The Structural Collapse of a Trusted Neighbour
To understand how Bangladesh became a corridor for anti-India networks, one must understand what changed in August 2024 and what was irretrievably lost with it.
During Sheikh Hasina’s tenure, Dhaka dismantled anti-India insurgent camps and handed over several ULFA leaders to Indian authorities. That Delhi-Dhaka security collaboration was the backbone of India’s eastern stability for fifteen consecutive years. It was not merely diplomatic relationship it was a living security architecture, built brick by brick across two decades of careful partnership.
Hasina’s fall shattered that architecture overnight. Shashi Tharoor, in Pax Indica (2012), argues with uncomfortable accuracy that India’s neighbourhood policy has historically suffered one foundational flaw: it invests in governments rather than peoples, in relationships rather than institutions. When the government changes, the policy collapses. Bangladesh 2024 is the most painful proof of that thesis in a generation. India built its eastern security policy around a personality. The personality fell. The policy fell with her.
Muhammad Yunus met Pakistani PM Shehbaz Sharif twice. Direct flights between Dhaka and Pakistani cities resumed. Bangladesh lifted visa restrictions for Pakistani passengers. For the first time since 1971, cargo ships from Karachi docked at Chittagong a port whose liberation cost Indian naval blood. Yunus, during his March 2025 China visit, described India’s northeastern states as “landlocked” and characterised Bangladesh as “the sole guardian of the ocean” that could serve as an extension of the Chinese economy. These were not careless words. They were a strategic signal addressed simultaneously to Beijing, Islamabad, and a domestic audience conditioned by cultivated anti-India sentiment.
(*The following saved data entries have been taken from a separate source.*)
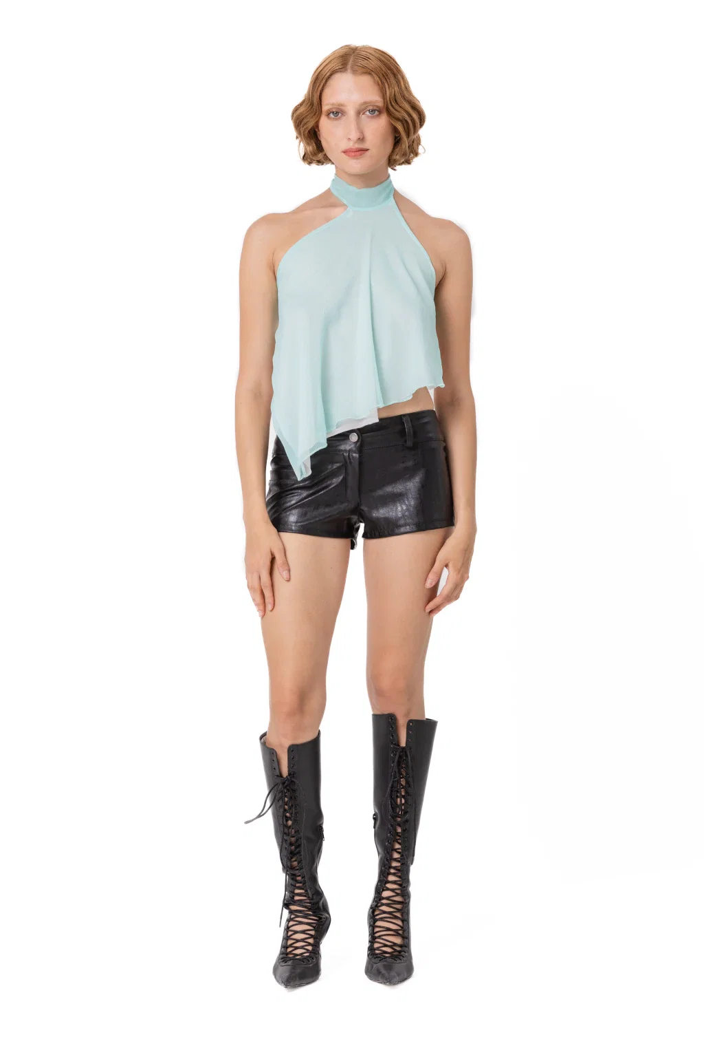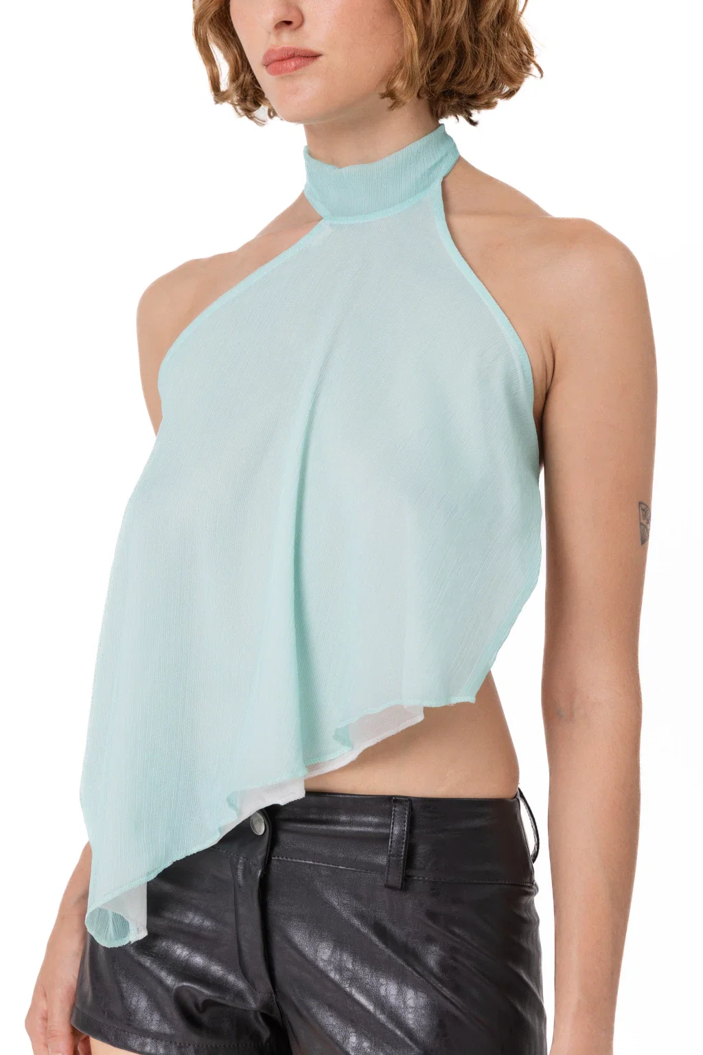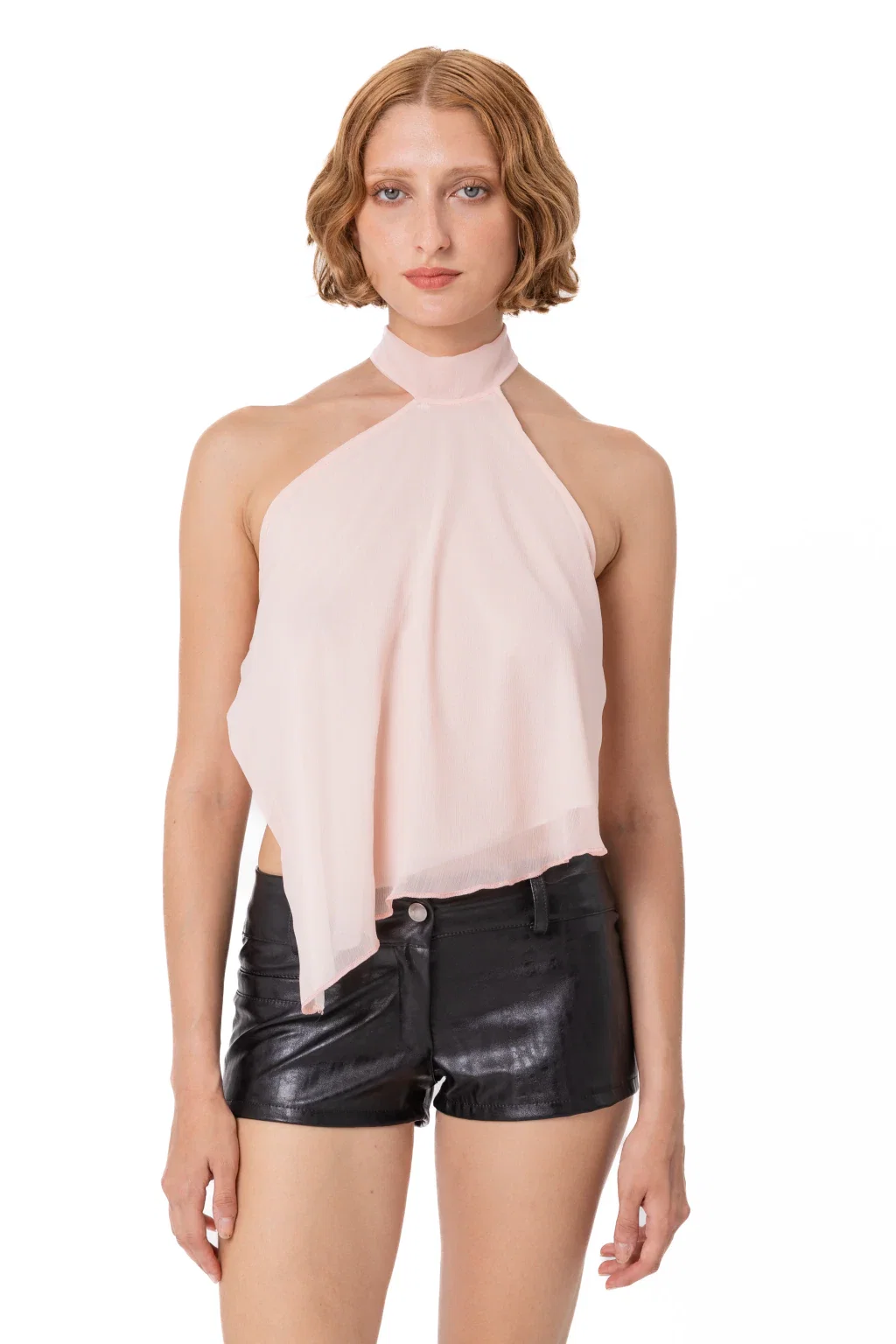 • Top con cuello para atar hecho en gasa crep tramado con forreria. Espalda descubierta con tira regulable.
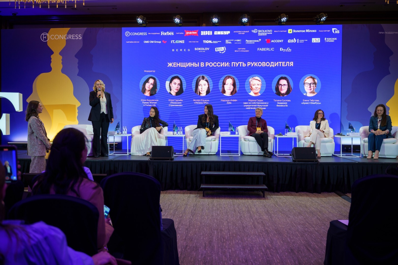 Спикеры сессии «Женщины в России: путь руководителя» обсудили, как преодолевать «стеклянный потолок» и какие меры поддержки для женщин необходимы в российских компаниях. Среди спикеров отметились: Юлия Гадлиба, генеральный директор «Ренессанс Страхование»; Венера Ельчина, заместитель генерального директора «Лемана ПРО»; Надежда Иоффе, партнер Zetic; Марина Седых, один из собственников и учредителей Иркутской нефтяной компании; Татьяна Суслова, генеральный директор Академии бизнеса Б1, партнер группы компаний Б1; Елена Тябутова, генеральный директор «Арнест ЮниРусь».
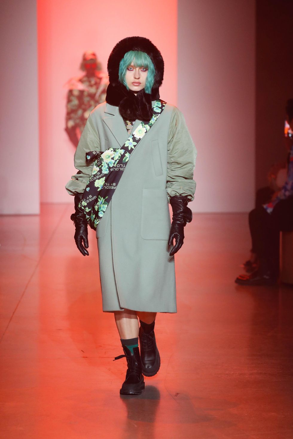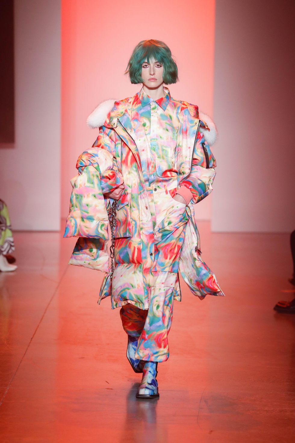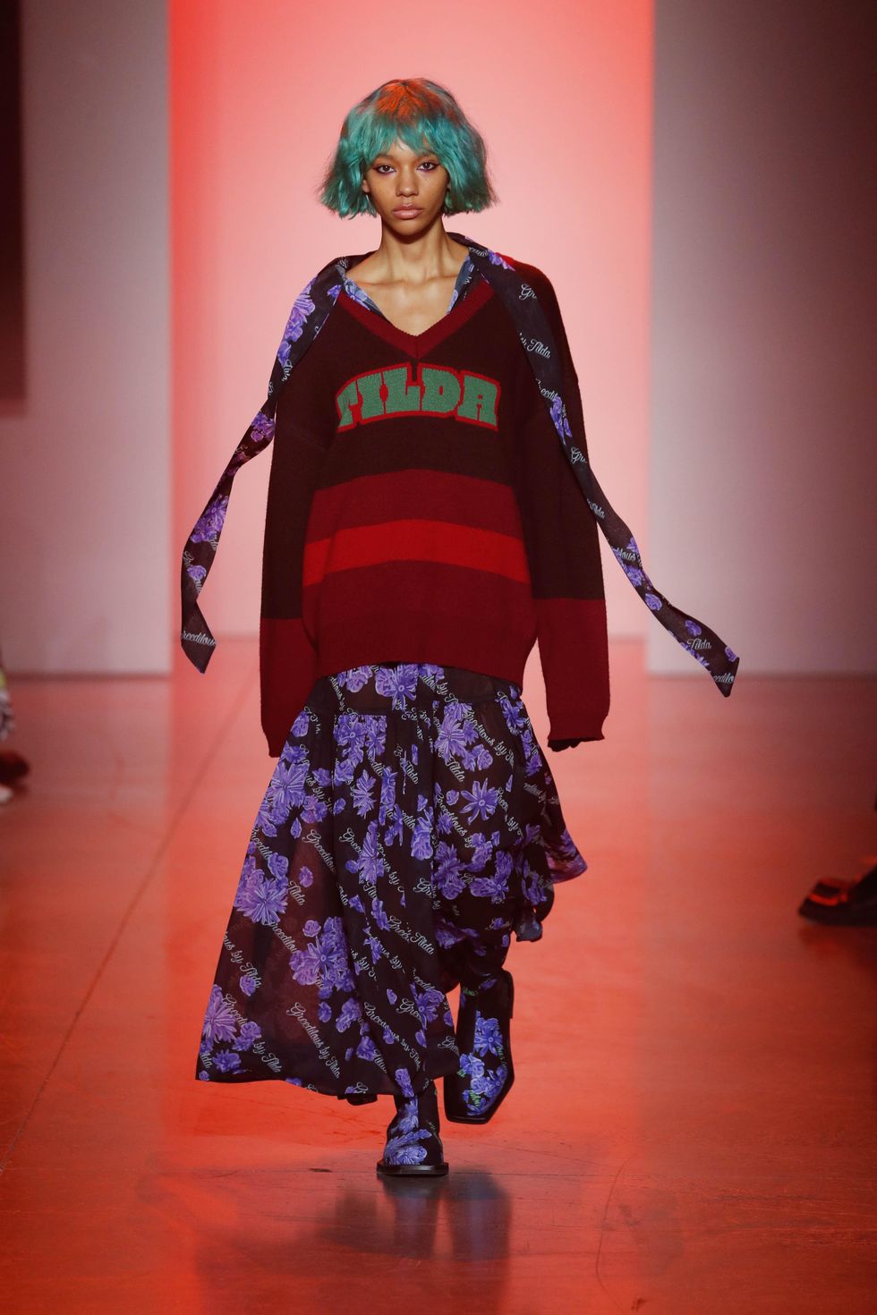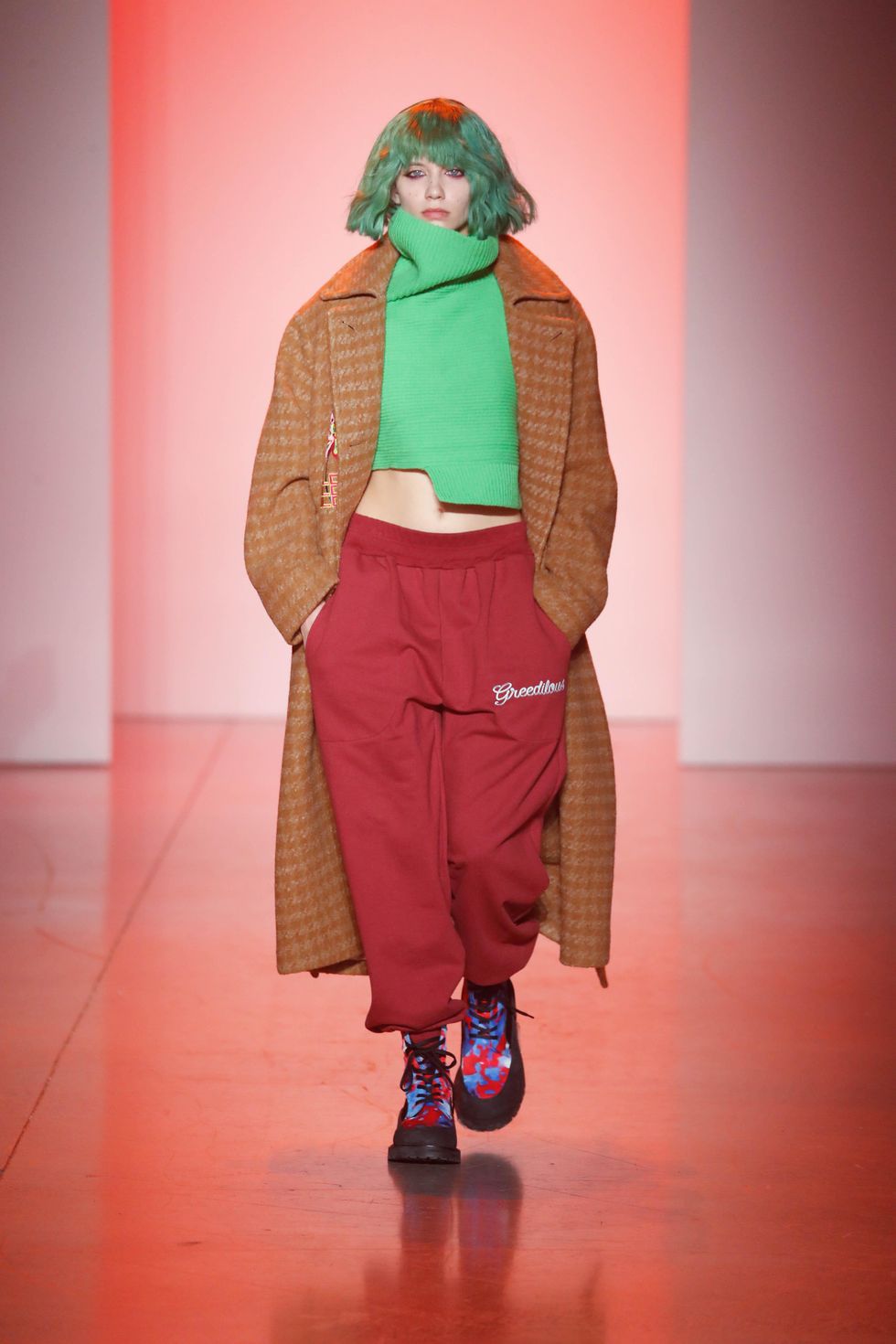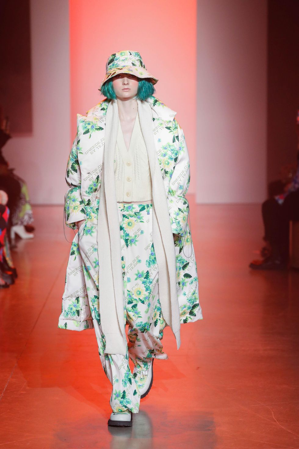 The theme at the heart of Greedilous by Tilda's runway show was humanity and its future. The models all sported wigs that mimicked Tilda's hair, and the garments were all colorful and bold. But while there were a lot of strong and vibrant visual elements, Park made sure to accent the looks with delicate details that added a soft and elegant touch.

Pakistan’s Masterstroke Through Dhaka
What Rawalpindi could not achieve through direct Kashmir infiltration, it is attempting through strategic triangulation using Bangladesh as a rear operational base, leveraging Dhaka’s geographic position to insert networks into eastern India, and simultaneously pressing J&K from the west through traditional LOC-based infiltration. The sophistication is deliberate. The Kolkata module designed to source arms locally, avoiding cross-border detection represents a doctrinal evolution in ISI operational methodology.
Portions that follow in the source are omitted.